His mother’s upbringing in poetry did not make Putkone an expert in poetry, but poetry is for him a commodity in life, like a handkerchief. Or May Day holiday cheer – it depends on the mood.
“I use poetry banally. I’ll take my favorite verse from all that poetically difficult moment.”
He has also written in his important books To the library of forgotten dreams. During reading time in the library, the main character reads to the children Ronja Rövärintättäand bookworms can spot quotes from the pages of the book so Aaro from Hellaakoski than From Edith Södergran.
“Literature is much more than reading. All childhood fairy tales and later Favorite books are a safe harbor to which you can always return. A bit like a warm blanket, under which you can snuggle up from a difficult or exhausting everyday life.”
He believes that the same thing will happen to entertainment literature as to detective stories: their appreciation will rise when people realize that reading novels are divided into many subgenres. Entertainment literature can also deal with very difficult themes.
Pipe feels privileged to be able to participate in his friend’s hospice care.
“During the five weeks of hospice care, I saw the purest love that can exist between two people. I saw from the side how Saija’s spouse took care of him, persuaded him to eat and trimmed his toes,” says Putkonen.

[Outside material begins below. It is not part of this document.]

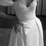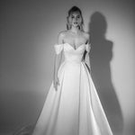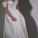 Soulmate is love at first sight, get ready to fall in love with her perfectly sculpted bodice. Featuring draped detailing and flirty off-the-shoulder sleeves, Soulmate exudes timeless femininity and allure with a full skirt that unveils a playful split.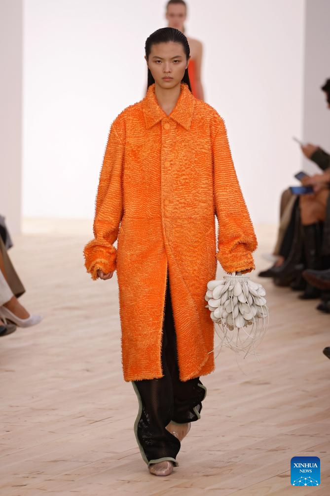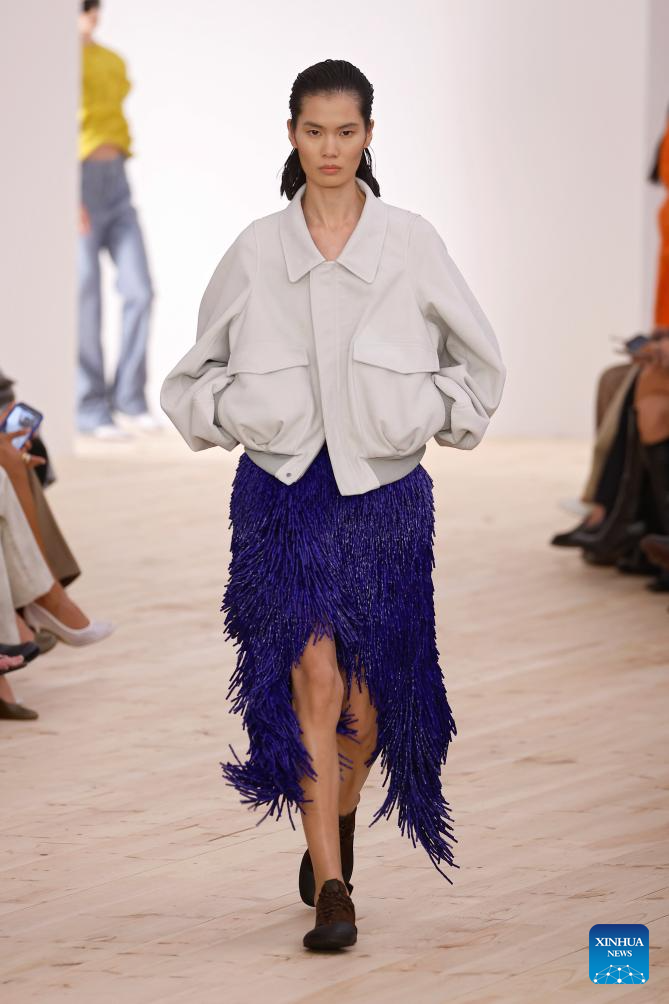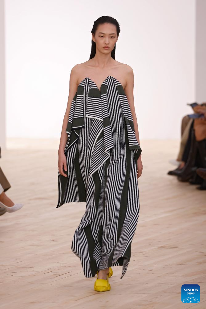 A model presents creations from the ready-to-wear Spring/Summer 2026 collections by Loewe during the Paris Fashion Week, in Paris, France, on Oct. 3, 2025. (MeetEurope/Handout via Xinhua)

Witnessing the moment of death meant even more.
After the experience, his attitude towards life has completely changed. It is guided by the phrase repeated by Saija, according to which “we die one day, but all other days we live”.
“The world is so much more wonderful when you know that life is very tenuously attached to it. Everything can be over in an instant.”
Library of Forgotten Dreams is dedicated to Saija, who never had time to write a book.
However, Saija’s poem has now been published.
It is printed on the first page of Putkonen’s book.